Vicious Week

Oh Man, These past two weeks since getting back from Vegas have been brtual. I’ve had patches blow up in my face (partly because Solaris patching is still so 1995). I had a storage crunch on my NetWorker index store force me to borrow some space and mount it over NFS. Which worked great. Until the server housing the NFS mounts core dumped and spontaneously rebooted in the middle of the backup window, wiping out the indexes of the two largest Oracle database servers in the environment. Yeah, the indexes were back on tape, but it would (and did) take a while to get em back. And of course I had to find some more spare space. That spare space had to come off of local, unprotected disk again (except for tape) since we are out of SAN storage until some new hardware hits the floor. That means a month or so. In the middle of hurricane season, as usual. All of which has meant precious little sleep of late.

Oh, and I’ve had my problems with Legato, er, EMC NetWorker over the past few years, but none of the above was NetWorker bug-related and it handled all that mess far more gracefully than I would’ve expected. It failed and restarted backups automatically, and recoving indexes was a simple process. I’ve done some bootstrap recoveries for DR tests in the past, but this was the real deal. So hoorah for NetWorker for doing something right and not being the cause of sleepless nights (yes. 7.3.3 is very stable in our busy,big, and hopelessly complex environment).

And of course there has been the inevitable management foolishness. Most of the above didn’t affect anything outside of “my world” but as soon as some manager sees a status update, they try and correlate some technical issue they’re having to my event and I have to answer all this foolishness. Politely. With little or no sleep. Not to mention, more foolishness sending me out of town for what looks to me like pure politics and little technical merit, but maybe I’m missing something. Nah, probably not. it’s a dog and pony show. I wonder if I’m a dog, or a pony?

Anyway, if anybody out there has some really super secret vacation ideas they want to share, send em my way. My wife and I really haven’t been on a vacation alone since 2004, our honeymoon. And, apparently, travel is, like, really expensive right now.

Vegas a few weeks ago didn’t do much for me for the vacation side, as mentioned below. But as a technical/educational trip, it was pretty cool. I’m not much of an EMC fanboy. We use both Netapp and Sun/HDS storage here in addition to EMC. There are things about those platforms I like a lot better than the mish-mash of storage options EMC presents.

I attended a ton of technical sessions. There was a large VMWare presence there, which was pretty cool. We are deploying VMWare ESX, though I’m not directly involved in that activity. We handle the storage for ‘em though as well as the backups. To that end, I got really interested in Avamar for doing our VMWare guest backups. We did an eval here and it looks pretty good and it looks like we’re actually going to get it. I went to several sessions with that as well and feel a lot more comfortable with having stuck my neck out for this solution.
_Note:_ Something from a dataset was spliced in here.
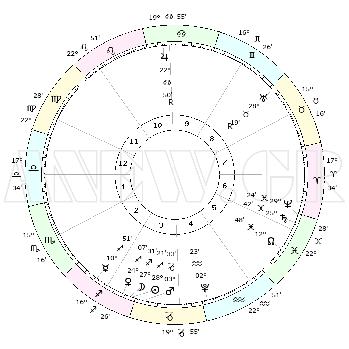 | | ΘΕΣΕΙΣ ΠΛΑΝΗΤΩΝ ΑΣΤΡΟΛΟΓΙΚΟΥ ΧΑΡΤΗ ΤΗΣ ΣΤΙΓΜΗΣ ΑΥΤΗΣ | | | | Πλανήτης | Ζώδιο | Μοίρες | Δεκαήμ. | Σε οίκο | Απόκλιση | | Ακμές των οίκων | | Ηλιος | Τοξότης | 27°27' | Τρίτο | 2 | 23 S 24 | | 1ος | 23°07' | Σκορπιός | | Σελήνη | Τοξότης | 17°01' | Δεύτερο | 1 | 27 S 45 | | 2ος | 23°23' | Τοξότης | | Ερμής | Τοξότης | 09°37' | Πρώτο | 1 | 20 S 53 | | 3ος | 27°60' | Αιγόκερως | | Αφροδίτη | Τοξότης | 23°01' | Τρίτο | 1 | 23 S 15 | | 4ος | 03°46' | Ιχθείς | | Αρης | Αιγόκερως | 02°53' | Πρώτο | 2 | 24 S 12 | | 5ος | 05°34' | Κριός | | Δίας | Καρκίνος | 22°55'R | Τρίτο | 8 | 21 N 41 | | 6ος | 01°33' | Ταύρος | | Κρόνος | Ιχθείς | 25°40' | Τρίτο | 4 | 03 S 50 | | 7ος | 23°07' | Ταύρος | | Ουρανός | Ταύρος | 28°21'R | Τρίτο | 7 | 19 N 35 | | 8ος | 23°23' | Δίδυμοι | | Ποσειδώνας | Ιχθείς | 29°24' | Τρίτο | 4 | 01 S 28 | | 9ος | 27°60' | Καρκίνος | | Πλούτωνας | Υδροχόος | 02°21' | Πρώτο | 3 | 23 S 18 | | 10ος | 03°47' | Παρθένος | | Β. Δεσμός | Ιχθείς | 12°51' | Δεύτερο | 4 | 06 S 44 | | 11ος | 05°34' | Ζυγός | | Ωροσκόπος | Σκορπιός | 23°07' | Τρίτο | | | 12ος | 01°33' | Σκορπιός | | Μεσουράνημα | Παρθένος | 03°47' | Πρώτο | | | |

I’m sure there will be headaches in the deployment, but it should help. And I’ll be able to remove some complexity from our Networker deployment and free up some index space, by potentially removing 100 or more clients and putting them in Avamar. File servers, vmware guests, and some DMZ-resident hosts are all good candidates for that. Unlike a lot of EMC NetWorker customers, we aren’t initially interested in using NetWorker 7.4 with nominally-integrated Avamar. One of my goals is to reduce my complexity and index space in our huge NetWorker setup. So dividing and conquering actualy simplifies things for me rather than having one global namespace. I had some conversations with some EMC techies (and not sales techies) and they said that was unique in their experience.

But the reality for me is, even if the software can technically scale to 1000+ clients processing 100s of terabytes/week of backups (and DR copies), can it really be managed by humans at that point?  At such a scale, can you even get a window to patch things, do upgrades, etc? And if you do have a problem, the pain you have and the pain that problem can cause can be quite big indeed.  Obviously for me it already is with ~800 clients and about 70TB/week. (see paragraph one)
I’m still digesting material from the convention and looking forward to getting my hands on the presentation material. Like I said, it was pretty interesting stuff. If you’re, ya know, a geek.

Note: Yes. this is the most technical/geeky thing I’ve posted in years.